What you will do
All of the entries, apart from their pictures, are to be copied verbatim.

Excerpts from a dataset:
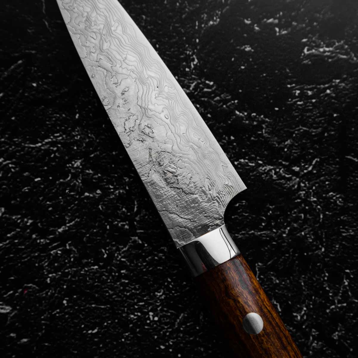 He works across a wide spectrum of steels, from classic Japanese carbon steels to advanced stainless alloys like R2 and VG10. His signature Damascus finishes — including Rainbow, Diamond, and Black Nickel — are unmistakable, and are often paired with an eclectic range of handle styles that reflect both innovation and deep respect for materials.
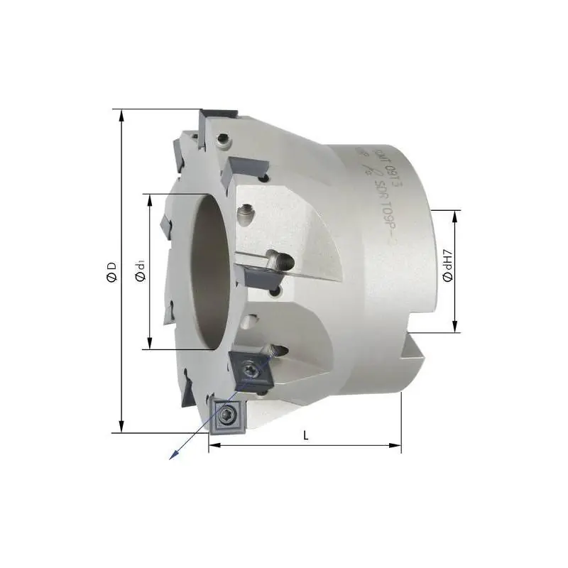 Konstrukce: Rohová frézovací hlava 90°, nízkovibrační chod díky dvojité pozitivní geometrii řezu, poniklovaný držák nástroje.
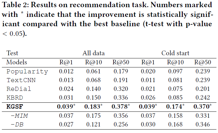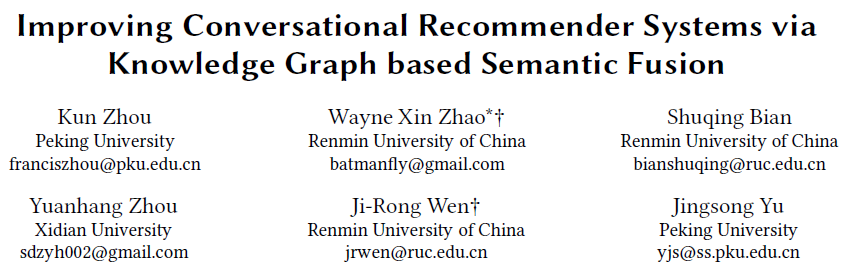 本文将对话系统和推荐系统中基本语义单元分别定义为word和item,使用两个独立的知识图谱来增强两种语义单元的表达。
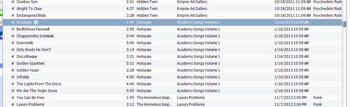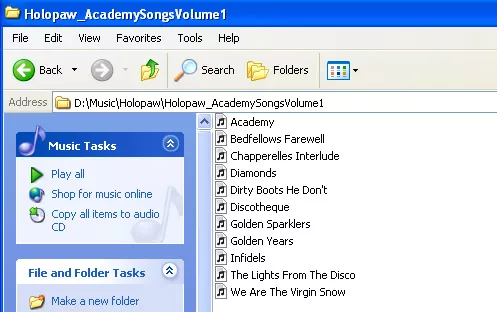 In order to get an album to play in the correct order, one has to either name the files so that it will (“01 Academy,” “02 Golden Sparkler,” etc.) or tag the track numbers, which … wasn’t done here:
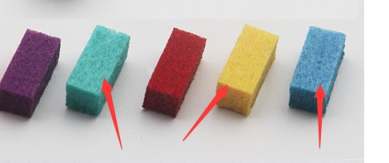 A terméket 5 db szivaccsal szállítjuk: sárga, kék, türkiz színben. (A képen nyíllal jelölve.)

Exercise solution
 He works across a wide spectrum of steels, from classic Japanese carbon steels to advanced stainless alloys like R2 and VG10. His signature Damascus finishes — including Rainbow, Diamond, and Black Nickel — are unmistakable, and are often paired with an eclectic range of handle styles that reflect both innovation and deep respect for materials.
 Konstrukce: Rohová frézovací hlava 90°, nízkovibrační chod díky dvojité pozitivní geometrii řezu, poniklovaný držák nástroje.
 本文将对话系统和推荐系统中基本语义单元分别定义为word和item,使用两个独立的知识图谱来增强两种语义单元的表达。
 In order to get an album to play in the correct order, one has to either name the files so that it will (“01 Academy,” “02 Golden Sparkler,” etc.) or tag the track numbers, which … wasn’t done here:
 A terméket 5 db szivaccsal szállítjuk: sárga, kék, türkiz színben. (A képen nyíllal jelölve.)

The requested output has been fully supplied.